When you see or hear something new, your brain goes through a conscious process of evaluating whether that new behavior has any potential payoff, and you form an expectation of what might happen next. It's the "self talk" we all do to weigh the pros and cons, and then comment (to ourselves) on how the new idea is like, or not like, something we already know about (whether good or bad).
At the same time, and at a much faster rate, our brain performs a self test to see how well this new idea would fit with all the pre-existing patterns in the subconscious part of our brain. If there is a conflict, we get an uncomfortable gut feeling or hear our inner voice say something like, "No way!" usually before we've completed the conscious evaluation. If the warning is loud enough, we usually say, "That might work for them," or, "Maybe in another industry, but that's not going to work for me," and we drop the idea and move on. If it's only slightly uncomfortable, we might say, "I need to do better and this could work." Then there is an opportunity for change.
So what's really going on in our head? To ensure survival, the brain primarily operates using subconscious information. Rather than evaluate every interaction with the world as if it is a new event, the brain has a process to react efficiently and reliably to most events. This process is built on neural pathways called basal ganglia. These networks of signal transmitters are nourished and grow with use. As signals pass through them they grow and their ability to perform the next time they are needed improves, much like the charging of a car battery so we can depend on it without worry or thought every time we turn the key.
This physical attribute is also a natural form of self-preservation.

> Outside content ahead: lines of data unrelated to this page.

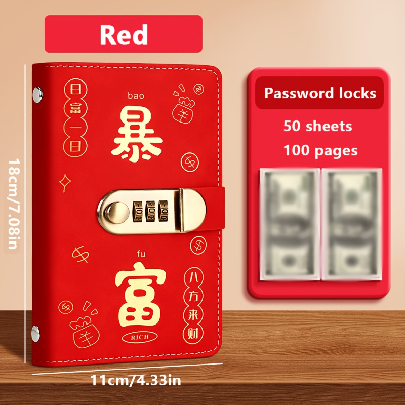 TEMU A6 저축 노트: 조합 잠금장치와 간단한 커버, 가로 및 세로 방향 지원, 100장 용량, 챌린지 노트, 예산 관리, 현금 입금 관리에 이상적
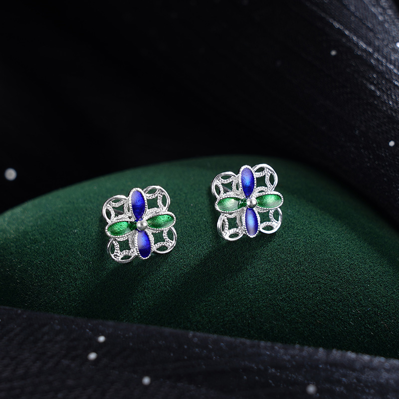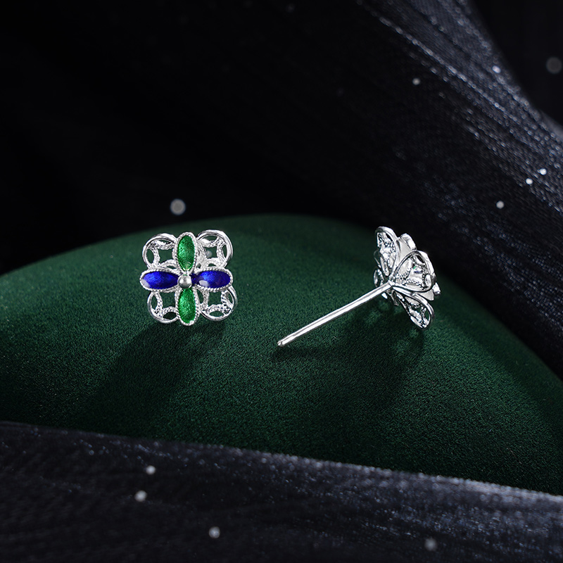 【寓意】:经典的四方耳钉,精致小巧,采用镂空纹理编织设计,蓝绿色珐琅渲染,清新自然,质感满满。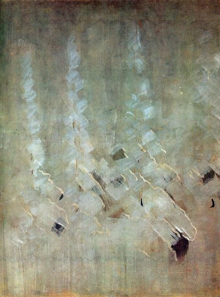 Editor: This is Whistler's "Nocturne in Blue and Gold, Valparaiso Bay" from 1866, done with oil paint. It gives me a sort of hazy, dreamlike feeling; it’s so muted and the brushstrokes are really loose. What do you see in this piece, particularly in terms of symbolism or the feeling it tries to evoke? Curator: That haziness is key. Consider the color blue: historically it represents not just peace and tranquility but also distance, the untouchable, even melancholia. The shimmering gold might then be read as a kind of fleeting beauty, moments of warmth amidst the pervasive coolness, don't you think? Editor: I can definitely see that, but why those colors specifically? And what's with calling it a "nocturne"? It sounds like music. Curator: Exactly. Think of how music evokes emotion abstractly. Whistler sought to do the same visually, pulling from associations of night: mystery, the subconscious. But more specifically, in that era, blue and gold held significant spiritual associations of purity and opulence within religious iconography and royal insignia. Whistler uses that cultural memory, that resonance. It begs us to think, what might those glimmers of gold on the water’s surface signify in our subconscious understanding of purity in a bustling cityscape? Editor: Wow, I never would have thought about all of that just from looking at it! It's amazing how much an image can hold. Curator: Visual art acts as cultural memory. It shows continuity through its symbols, filtered and presented for interpretation by each generation. Editor: It does make me see it in a whole new light. Now I feel like I'm understanding it at a deeper level.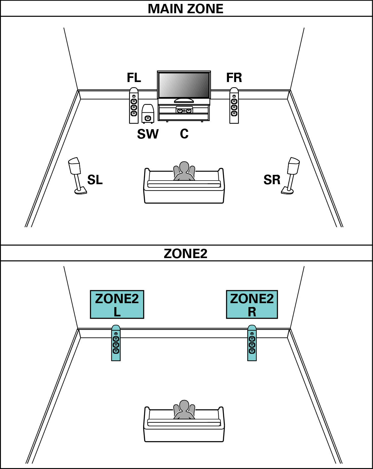 Bei dieser Konfiguration erfolgt eine 5.1-Kanal-Wiedergabe in der MAIN ZONE und eine 2-Kanal-Wiedergabe in ZONE2.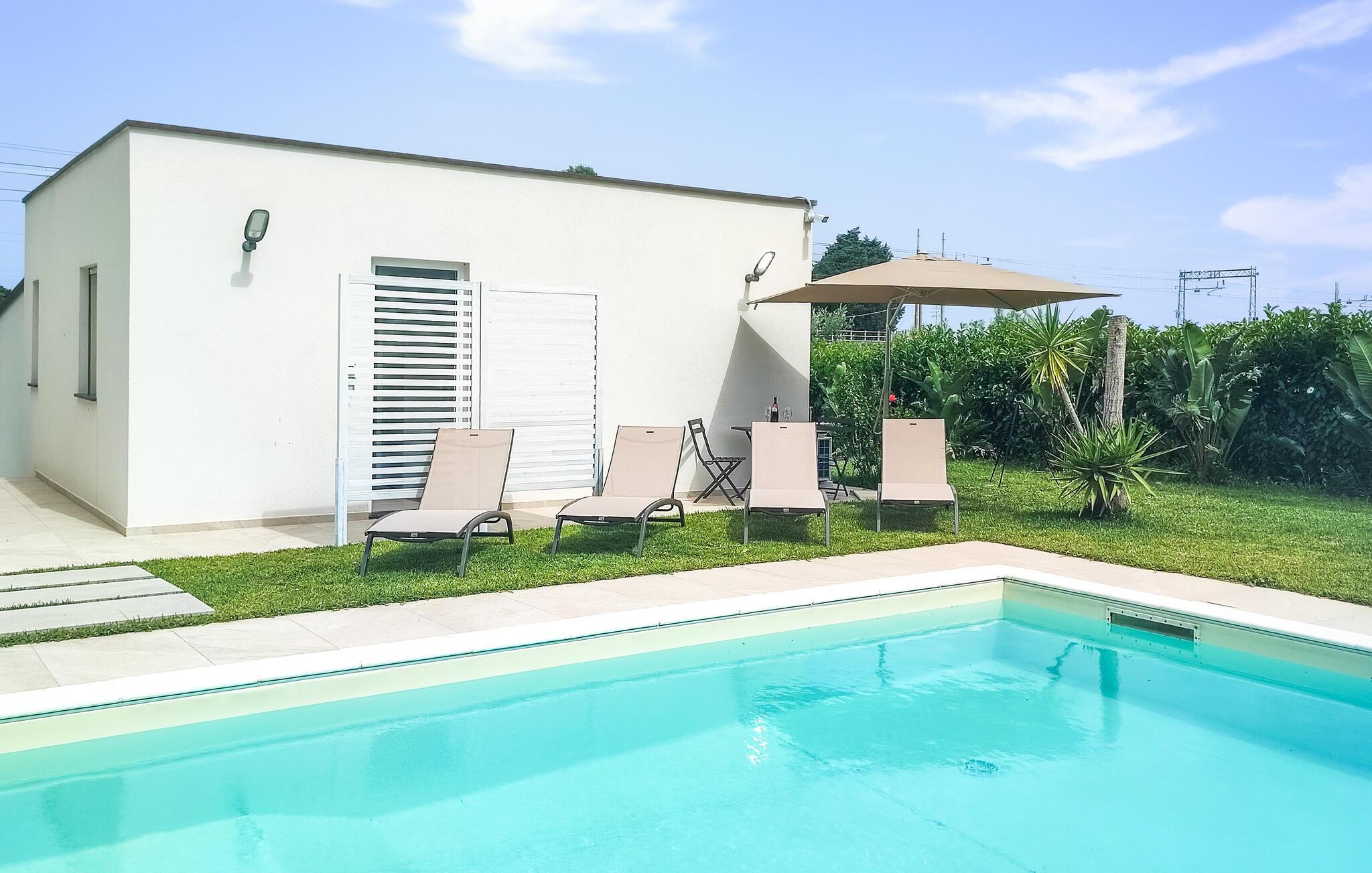 Tilbring en solrig ferie ved havet i dette komfortable feriehus med pool.

The transmitter doesn't care if it's transmitting a good or a bad thought; it just performs better with every use. Ever wonder why we occasionally do or say something inappropriate even though we know instantly that it was wrong? Welcome to the power of basal ganglia.

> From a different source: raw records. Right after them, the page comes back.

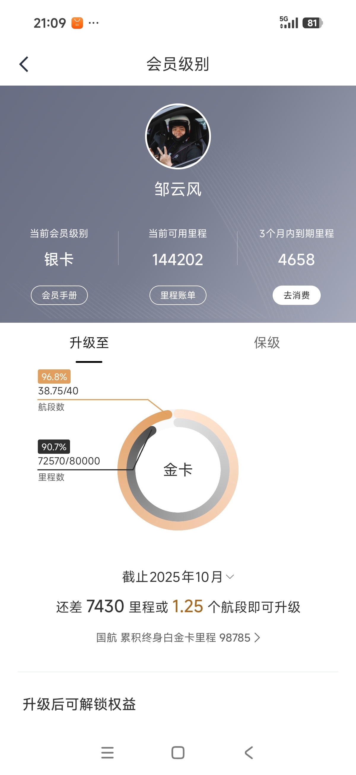 而且按我以往经验,只要不起飞,哪怕你花钱买了票不退,它也不会积累里程。钱扣了能升级成金卡我觉得也行,但好像金卡也累计不成。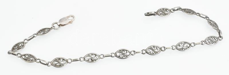 Ezüst (Ag) ovális szemű filigrán karkötő, jelzett, h: 19,5 cm, nettó. ...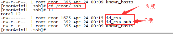 到/root/.ssh目錄下可看到剛剛那條命令生成的私鑰和公鑰

Change is not going to take effect until we find a way to charge up some new pathways and begin allowing the old ones to fade. When high performing sales professionals and executives are interviewed, it's interesting to hear them describe how they have dealt with adapting or changing some of their habits. A defining moment occurs when they learn a new idea, feel very uncomfortable, but are able to finish the conscious evaluation rather than succumb to the discomfort.

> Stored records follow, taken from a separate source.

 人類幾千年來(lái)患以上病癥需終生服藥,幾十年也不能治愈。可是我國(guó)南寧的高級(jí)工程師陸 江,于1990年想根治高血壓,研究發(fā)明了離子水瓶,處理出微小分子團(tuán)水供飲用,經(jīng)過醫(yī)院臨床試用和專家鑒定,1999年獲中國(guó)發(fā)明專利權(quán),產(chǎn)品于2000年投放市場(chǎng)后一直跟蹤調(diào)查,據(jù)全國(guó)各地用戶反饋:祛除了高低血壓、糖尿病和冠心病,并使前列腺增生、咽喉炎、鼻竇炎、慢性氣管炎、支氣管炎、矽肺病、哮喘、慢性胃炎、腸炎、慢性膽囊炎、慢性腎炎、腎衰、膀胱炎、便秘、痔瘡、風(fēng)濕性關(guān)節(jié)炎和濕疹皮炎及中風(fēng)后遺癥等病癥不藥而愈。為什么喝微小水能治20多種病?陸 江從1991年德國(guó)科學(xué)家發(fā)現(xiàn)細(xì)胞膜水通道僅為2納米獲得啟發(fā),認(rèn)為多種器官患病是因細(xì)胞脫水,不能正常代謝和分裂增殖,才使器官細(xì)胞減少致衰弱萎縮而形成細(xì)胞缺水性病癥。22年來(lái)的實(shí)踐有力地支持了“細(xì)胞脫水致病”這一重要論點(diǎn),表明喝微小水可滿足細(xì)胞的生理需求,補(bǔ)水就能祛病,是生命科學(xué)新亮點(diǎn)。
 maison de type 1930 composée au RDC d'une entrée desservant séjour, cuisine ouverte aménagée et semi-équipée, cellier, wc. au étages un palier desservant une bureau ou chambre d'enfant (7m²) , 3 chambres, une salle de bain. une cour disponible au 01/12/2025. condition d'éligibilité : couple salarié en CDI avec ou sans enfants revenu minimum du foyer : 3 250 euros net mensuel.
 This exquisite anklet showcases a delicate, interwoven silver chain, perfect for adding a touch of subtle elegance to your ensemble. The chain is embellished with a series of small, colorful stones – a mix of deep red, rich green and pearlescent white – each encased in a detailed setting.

Sales pros often tell us about a special moment when they did something on a sales call that felt risky, even dangerous, but only after admitting to themselves that to do what they have always done was not going to close their gap. Their stories don't tell of instant miracles or always have happy endings. They leave the sales call knowing that they are going to have to work on their skills and then they find a forum to get good at it. What they are actually doing is growing new basal ganglia and charging up the neural pathways.